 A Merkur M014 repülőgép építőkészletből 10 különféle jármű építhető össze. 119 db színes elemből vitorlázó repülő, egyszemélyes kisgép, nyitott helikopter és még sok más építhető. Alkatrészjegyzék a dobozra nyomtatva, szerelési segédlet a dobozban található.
-*-*-
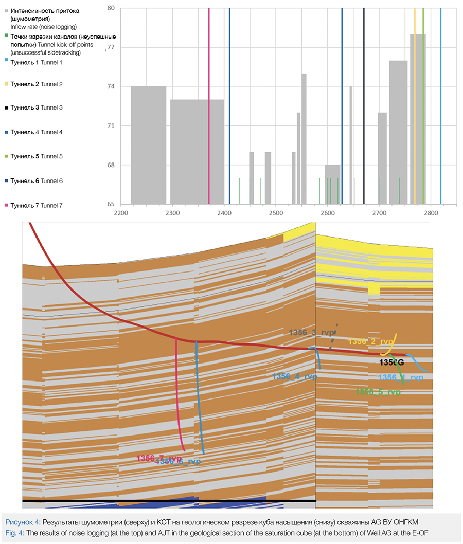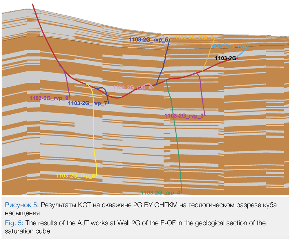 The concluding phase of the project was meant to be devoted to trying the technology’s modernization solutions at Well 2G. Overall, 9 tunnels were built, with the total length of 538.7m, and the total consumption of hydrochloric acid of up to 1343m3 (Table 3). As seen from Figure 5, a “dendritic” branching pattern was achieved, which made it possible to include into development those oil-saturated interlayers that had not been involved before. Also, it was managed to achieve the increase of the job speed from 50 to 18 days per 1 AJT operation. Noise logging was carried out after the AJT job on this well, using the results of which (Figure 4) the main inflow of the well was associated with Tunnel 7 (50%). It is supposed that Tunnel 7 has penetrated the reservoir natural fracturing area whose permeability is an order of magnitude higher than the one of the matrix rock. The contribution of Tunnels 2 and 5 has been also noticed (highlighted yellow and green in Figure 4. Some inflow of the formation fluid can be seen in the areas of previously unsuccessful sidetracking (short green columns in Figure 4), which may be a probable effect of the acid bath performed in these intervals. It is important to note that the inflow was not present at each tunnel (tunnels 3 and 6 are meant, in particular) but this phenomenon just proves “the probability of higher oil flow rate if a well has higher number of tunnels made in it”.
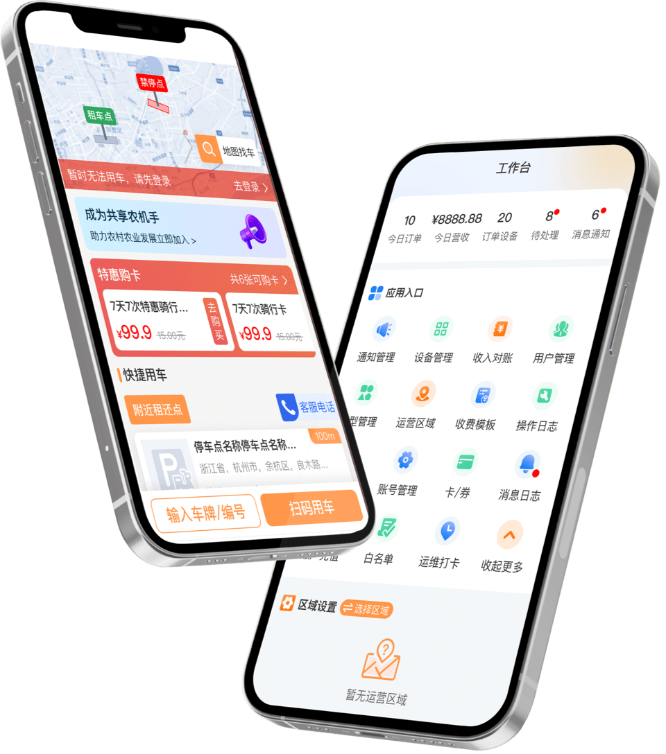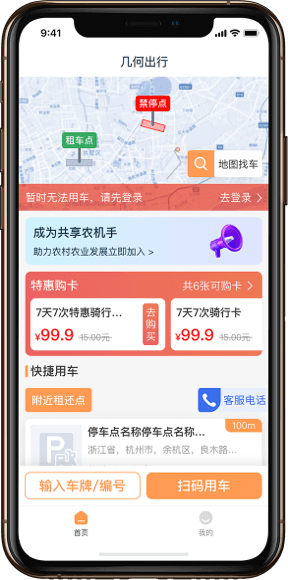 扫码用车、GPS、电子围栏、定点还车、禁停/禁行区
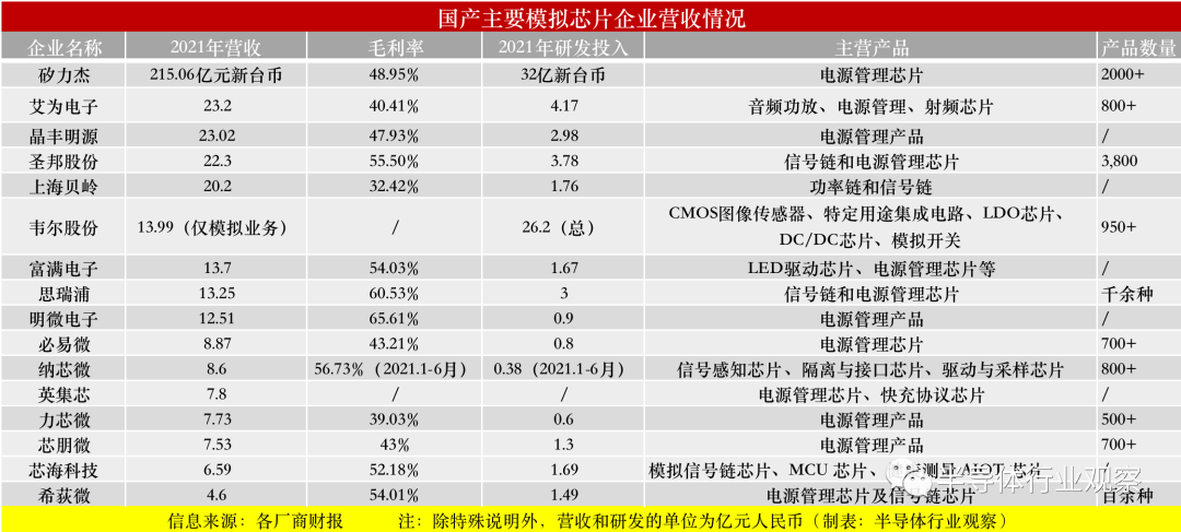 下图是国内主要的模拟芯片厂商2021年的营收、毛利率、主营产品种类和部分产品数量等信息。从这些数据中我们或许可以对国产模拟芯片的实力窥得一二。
-*-*-
## To do:
Each line above starting at the one holding "扫码用车、GPS、电子围栏、定点还车、禁停/禁行区" and ending at the one holding "下图是国内主要的模拟芯片厂商" should be set down exactly as it stands, both ends included, with no pictures.

## Task result:
 扫码用车、GPS、电子围栏、定点还车、禁停/禁行区
 下图是国内主要的模拟芯片厂商2021年的营收、毛利率、主营产品种类和部分产品数量等信息。从这些数据中我们或许可以对国产模拟芯片的实力窥得一二。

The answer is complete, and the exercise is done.